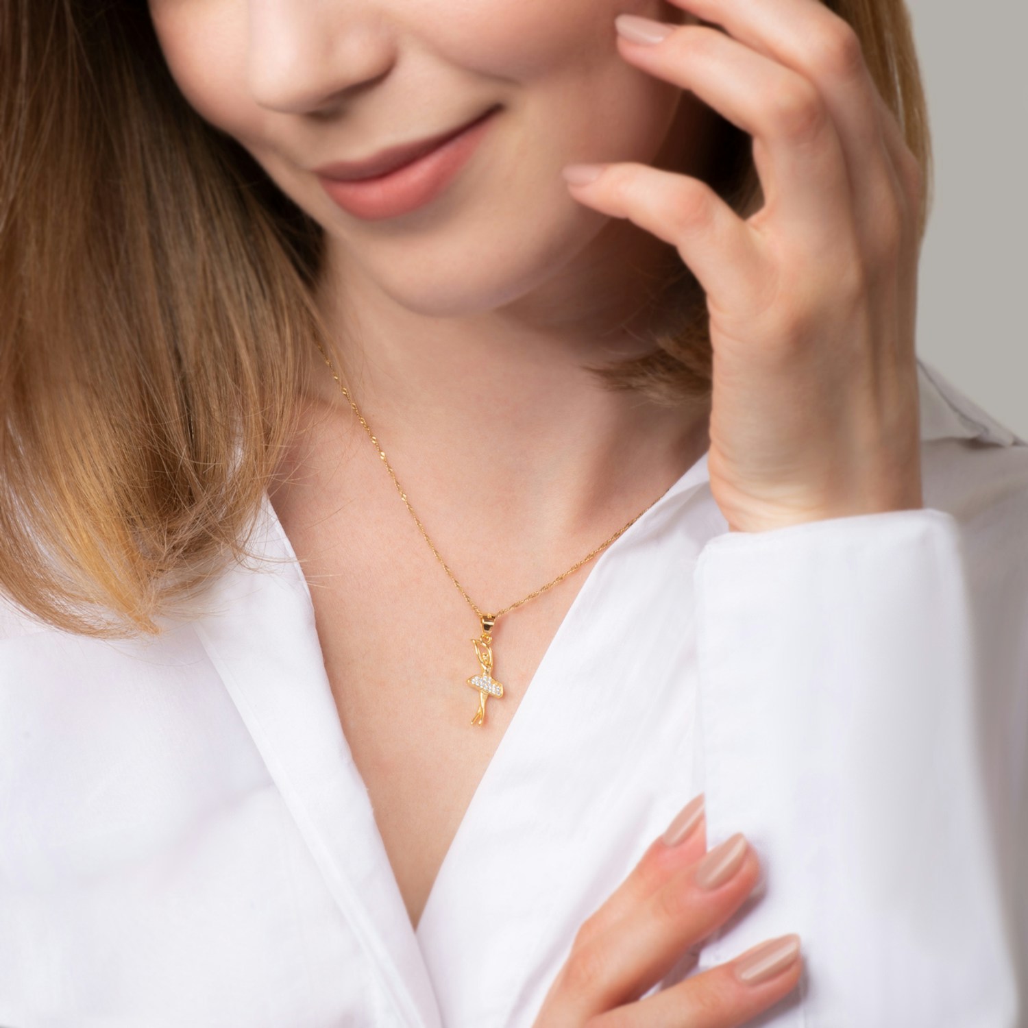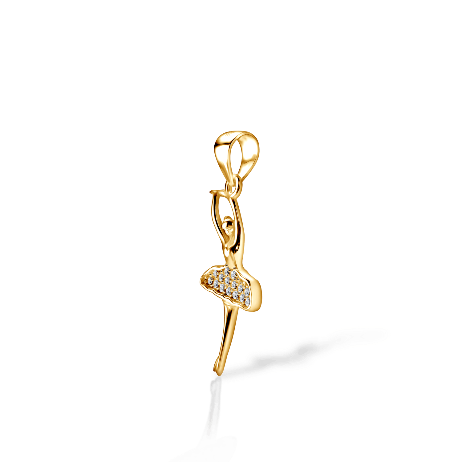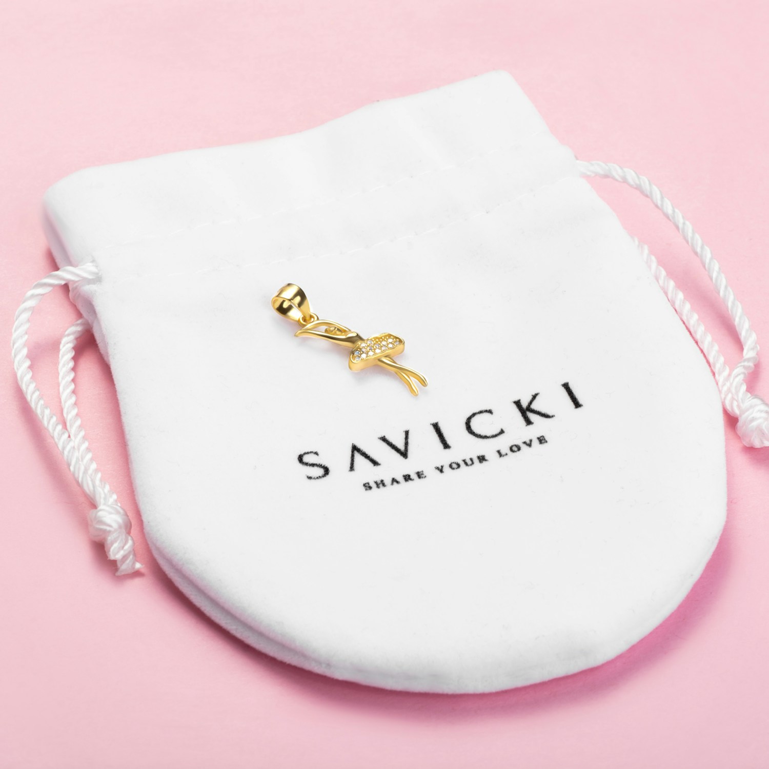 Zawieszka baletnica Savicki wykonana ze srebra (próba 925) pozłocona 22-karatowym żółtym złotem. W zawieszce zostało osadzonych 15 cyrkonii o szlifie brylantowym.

==

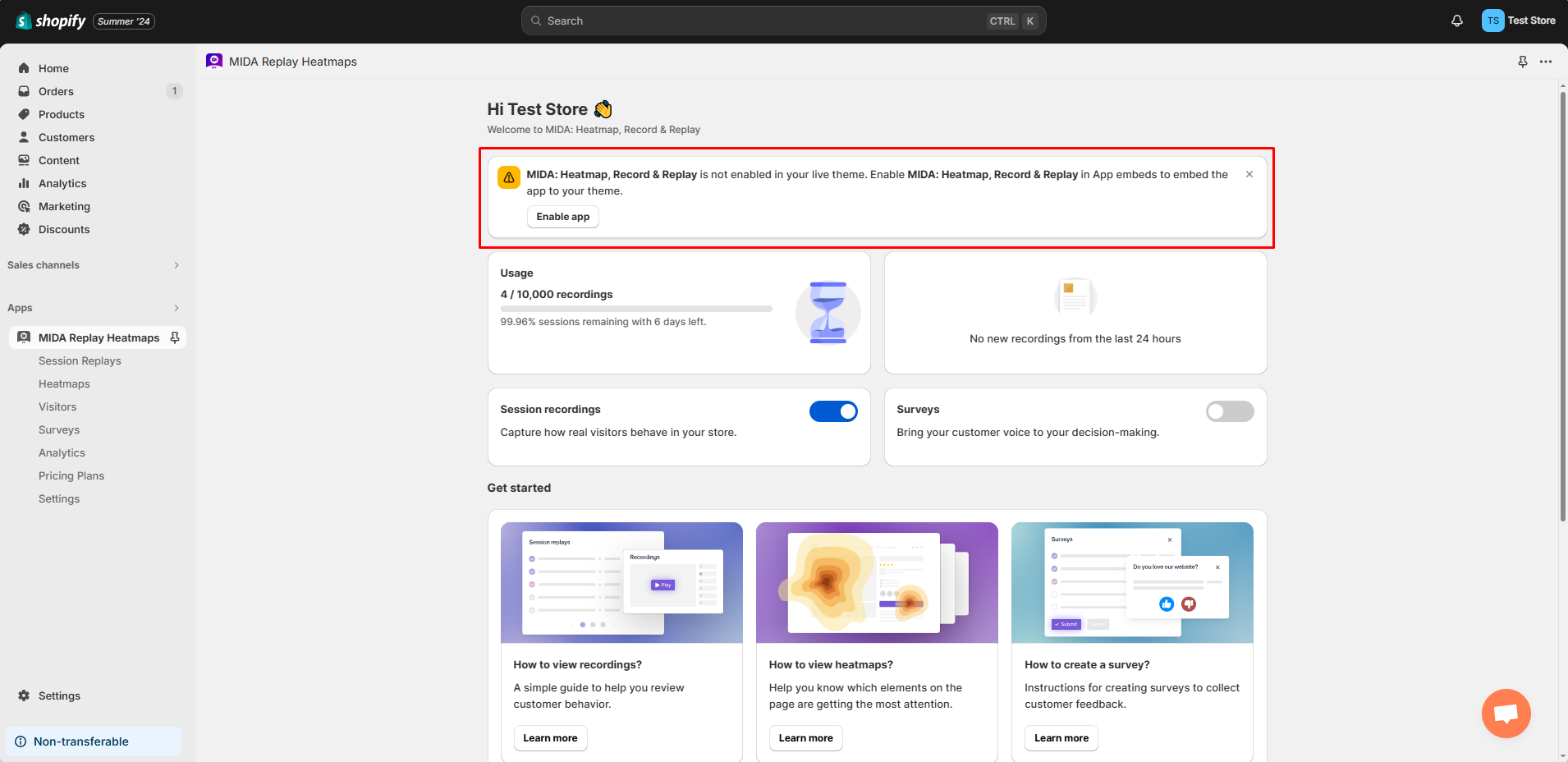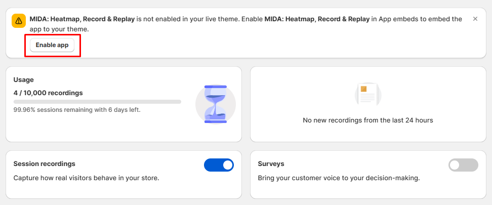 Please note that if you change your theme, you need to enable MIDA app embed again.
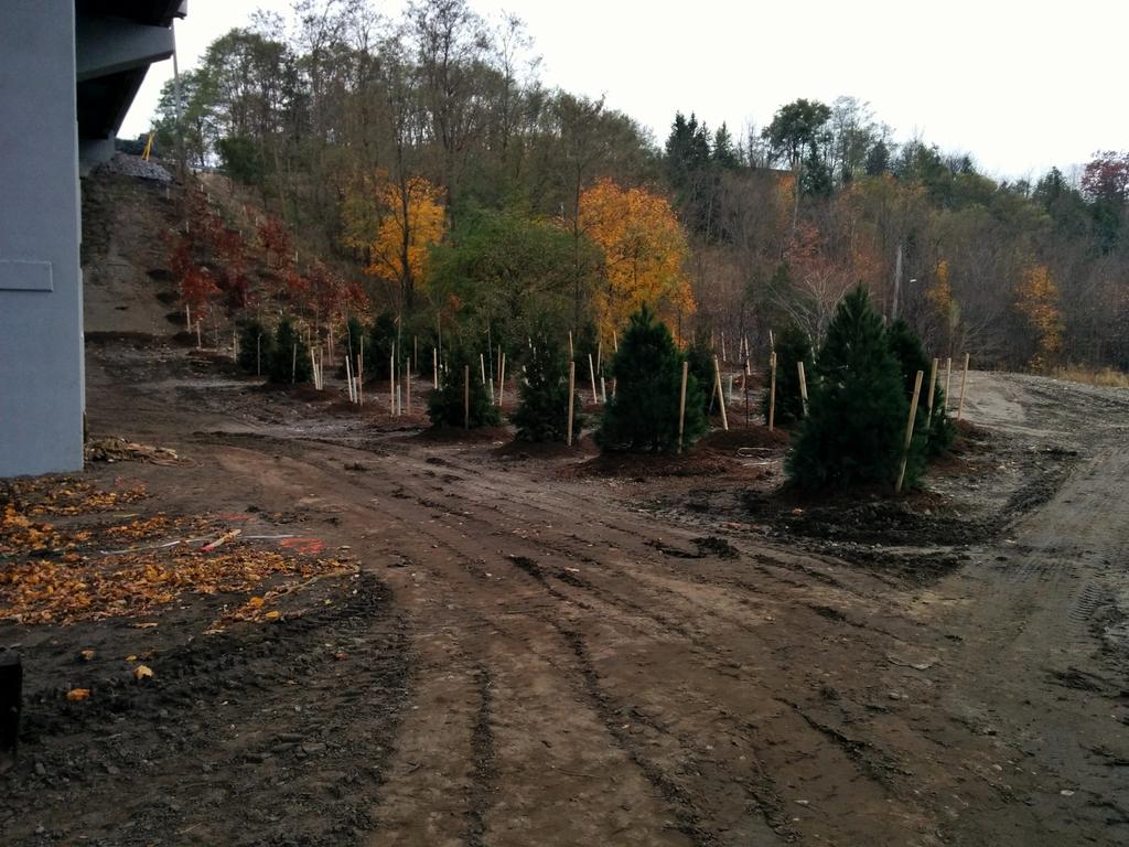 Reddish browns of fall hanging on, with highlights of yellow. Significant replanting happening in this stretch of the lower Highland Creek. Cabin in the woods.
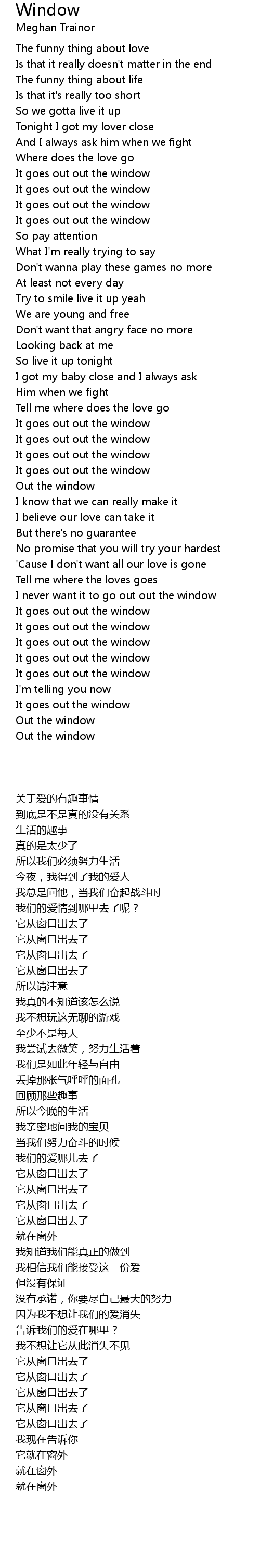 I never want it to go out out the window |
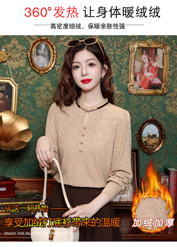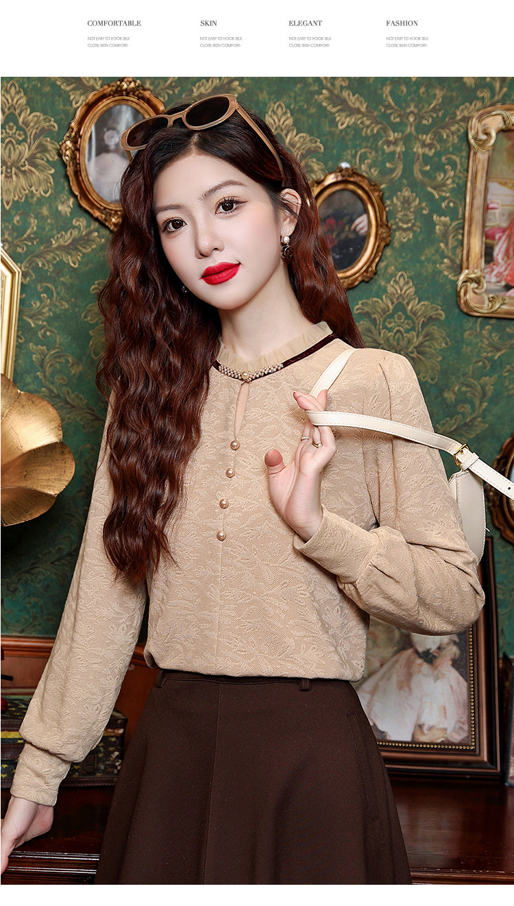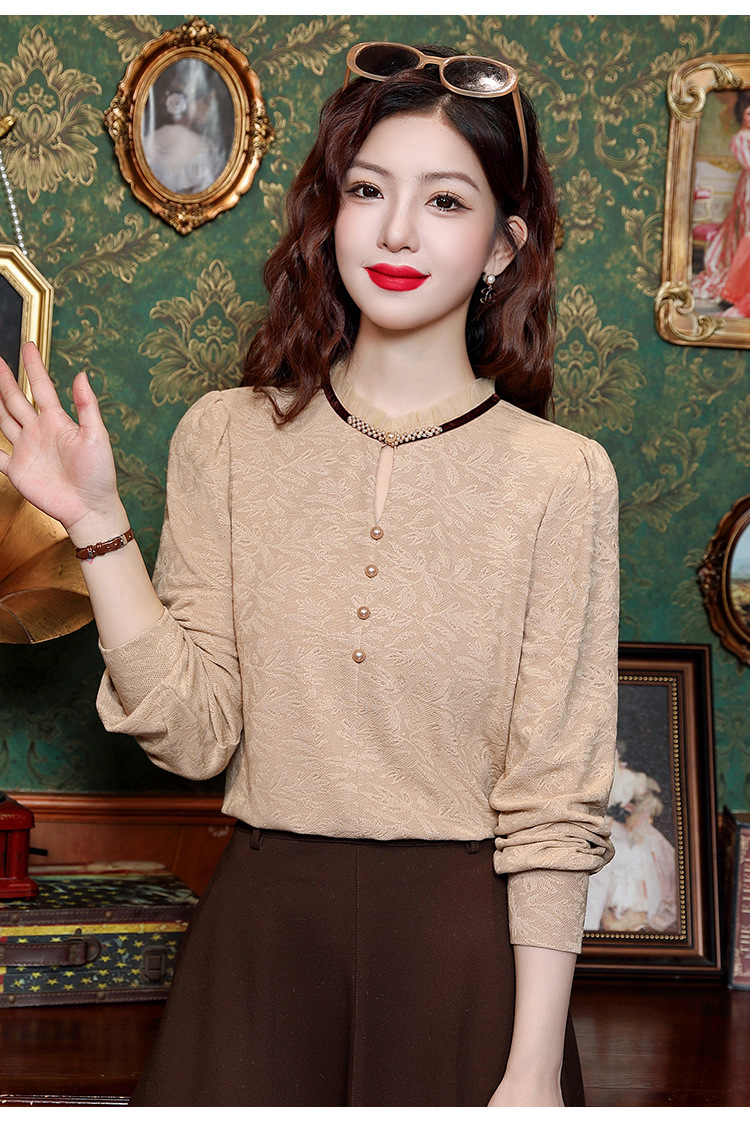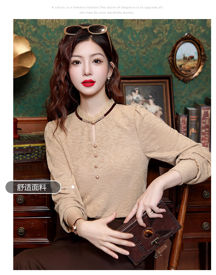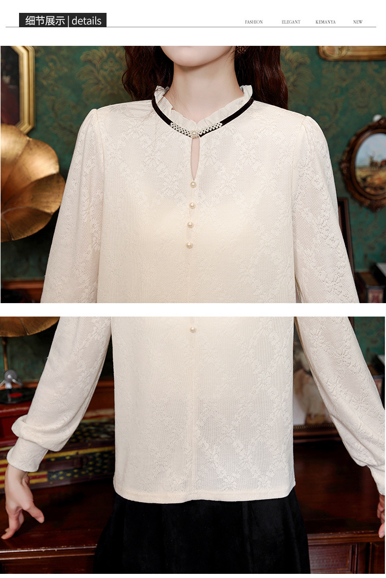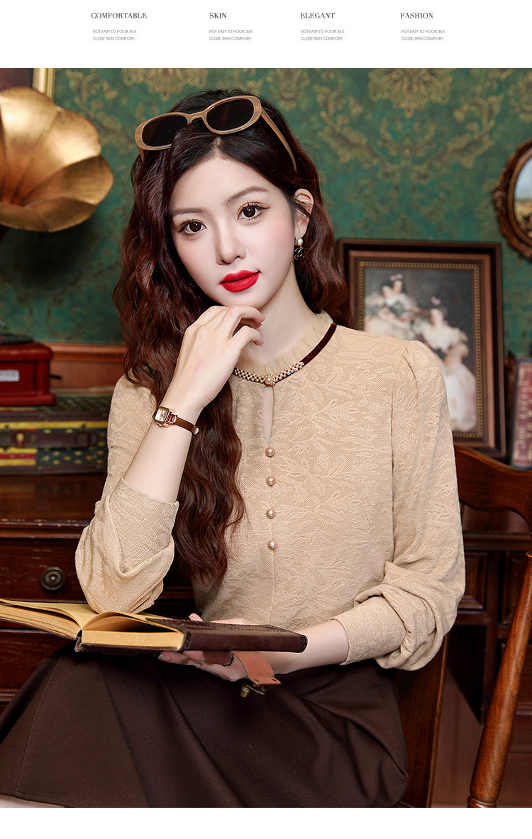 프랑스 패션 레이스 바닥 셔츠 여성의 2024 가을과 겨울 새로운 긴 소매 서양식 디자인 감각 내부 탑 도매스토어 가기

==

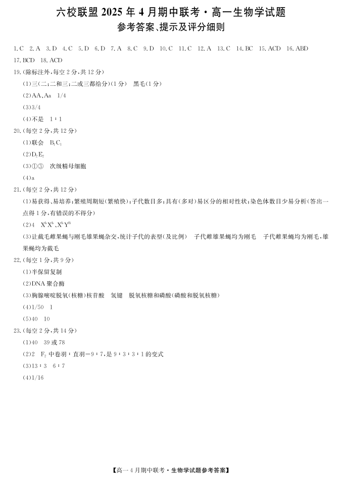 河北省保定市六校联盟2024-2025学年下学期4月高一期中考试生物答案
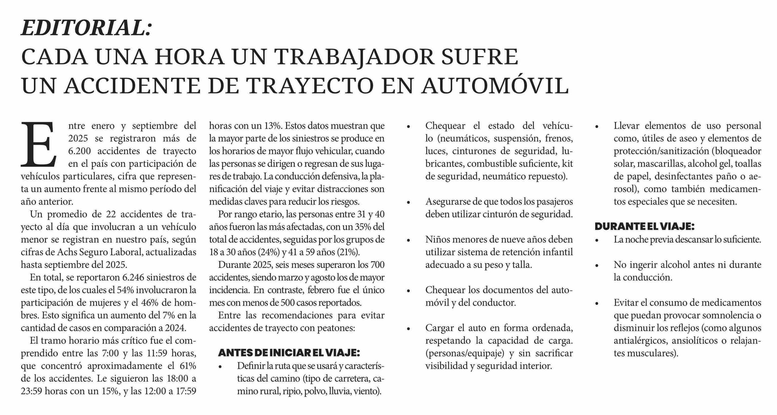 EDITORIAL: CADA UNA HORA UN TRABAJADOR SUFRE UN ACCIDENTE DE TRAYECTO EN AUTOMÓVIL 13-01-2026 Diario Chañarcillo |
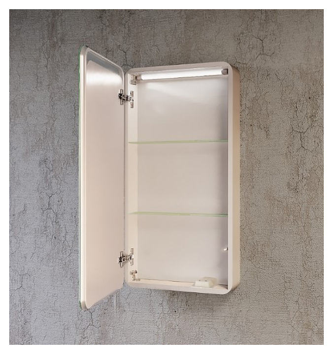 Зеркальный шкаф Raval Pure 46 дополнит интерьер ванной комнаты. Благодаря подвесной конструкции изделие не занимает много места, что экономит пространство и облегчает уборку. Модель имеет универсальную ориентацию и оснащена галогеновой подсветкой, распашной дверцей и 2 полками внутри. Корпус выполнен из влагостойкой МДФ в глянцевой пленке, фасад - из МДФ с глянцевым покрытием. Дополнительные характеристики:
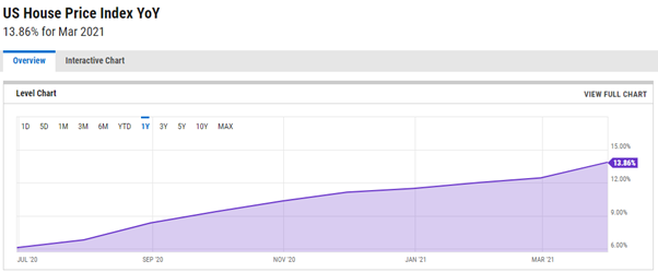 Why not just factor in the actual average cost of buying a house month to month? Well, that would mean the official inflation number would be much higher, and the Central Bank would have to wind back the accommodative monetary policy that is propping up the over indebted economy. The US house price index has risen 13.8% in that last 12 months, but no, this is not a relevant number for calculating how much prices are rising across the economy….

- **TASK PROMPT**: Using the data above, which lines fall from the one with "Reddish browns of" through the one with "프랑스 패션 레이스 바닥"? Repeat them exactly, ends included, minus any pictures.

- **WRITTEN ANSWER**:
 Reddish browns of fall hanging on, with highlights of yellow. Significant replanting happening in this stretch of the lower Highland Creek. Cabin in the woods.
 I never want it to go out out the window |
 프랑스 패션 레이스 바닥 셔츠 여성의 2024 가을과 겨울 새로운 긴 소매 서양식 디자인 감각 내부 탑 도매스토어 가기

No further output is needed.